Abstract: 5

THE DISTRIBUTION AND FUNCTION OF NPC1 PROTEIN IN CHOLESTEROL TRAFFICKING IN HUMAN GRANULOSA-LUTEIN CELLS.

H Watari¹ , EJ Blanchette-Mackie² , NK Dwyer² , PG Pentchev² , JM Glick¹ , JF Strauss, III¹
Center for Research on Reproduction and Women and Department of Obstetrics and Gynecology, University of Pennsylvania, Philadelphia, PA ¹
National Institutes of Health, Bethesda, MD 20892 ²

Human steroidogenic cells utilize LDL cholesterol for hormone synthesis. LDL taken up by cell surface receptors is moved to the lysosomes where LDL cholesterol esters are hydrolyzed. Free cholesterol exits from lysosomes and is moved to sites of utilization. Mobilization of lysosomal free sterol is mediated by the Niemann-Pick type C1 protein (NPC1), encoded by a gene which when mutated produces a lysosomal storage disease. We analyzed the distribution of NPC1 in human granulosa cells and its role in the utilization of LDL cholesterol for steroidogenesis.

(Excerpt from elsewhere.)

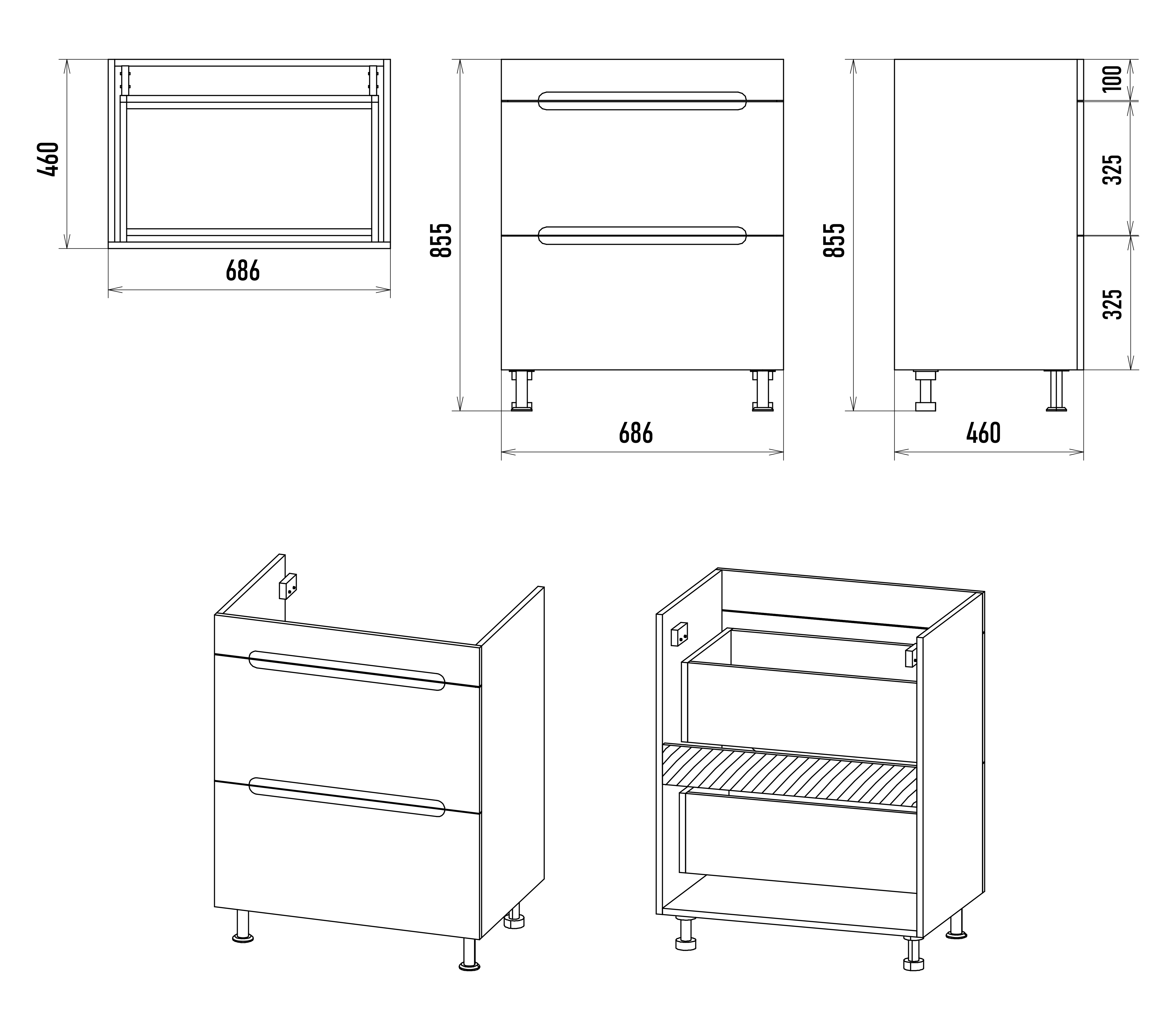 Направляющие ящиков оснащены доводчиками.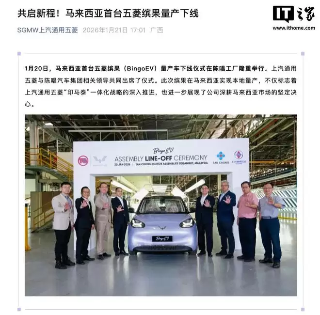 1月21日,据IT之家消息,上汽通用五菱于今日傍晚通过官方公众号宣布,其马来西亚首款量产车五菱缤果(BingoEV)已于1月20日在当地陈唱汽车集团工厂正式下线。上汽通用五菱与陈唱汽车集团的相关领导共同见证了这一重要时刻。

NPC1 was localized to punctuate organelles stained for the lysosomal glycoprotein, LAMP-2. Treatment with U18666A or progesterone, compounds that block NPC1 function caused accumulation of LDL free cholesterol, identified by filipin staining, in NPC1 positive, LAMP-2 positive vesicles. These treatments increased the free cholesterol content of the cells. U18666A suppressed LDL-supported progesterone production, but not progesterone production driven by 22-hydroxycholesterol. The inhibitor of acyl-CoA cholesterol acyltransferase, 58035, reduced cellular cholesterol ester levels but did not affect the distribution of NPC1. The cholesterol side-chain cleavage inhibitor, aminoglutethimide, inhibited progesterone synthesis and caused accumulation of cholesterol esters in Nile Red-positive droplets. NPC1 protein remained in LAMP-2 positive vesicles. Neither 58035 nor aminoglutethimide caused accumulation of filipin-positive lysosomes. We conclude that NPC1 is localized to lysosomes in human steroidogenic cells; that disruption of its function results in the accumulation of free cholesterol in lysosomes and inhibition of LDL-supported steroidogenesis; and that blockade of post-lysosomal cholesterol metabolism does not affect NPC1 distribution nor put back pressure on the lysosomal apparatus.

    This abstract is being presented on Saturday, July 31 at 2:30 PM at Todd 116.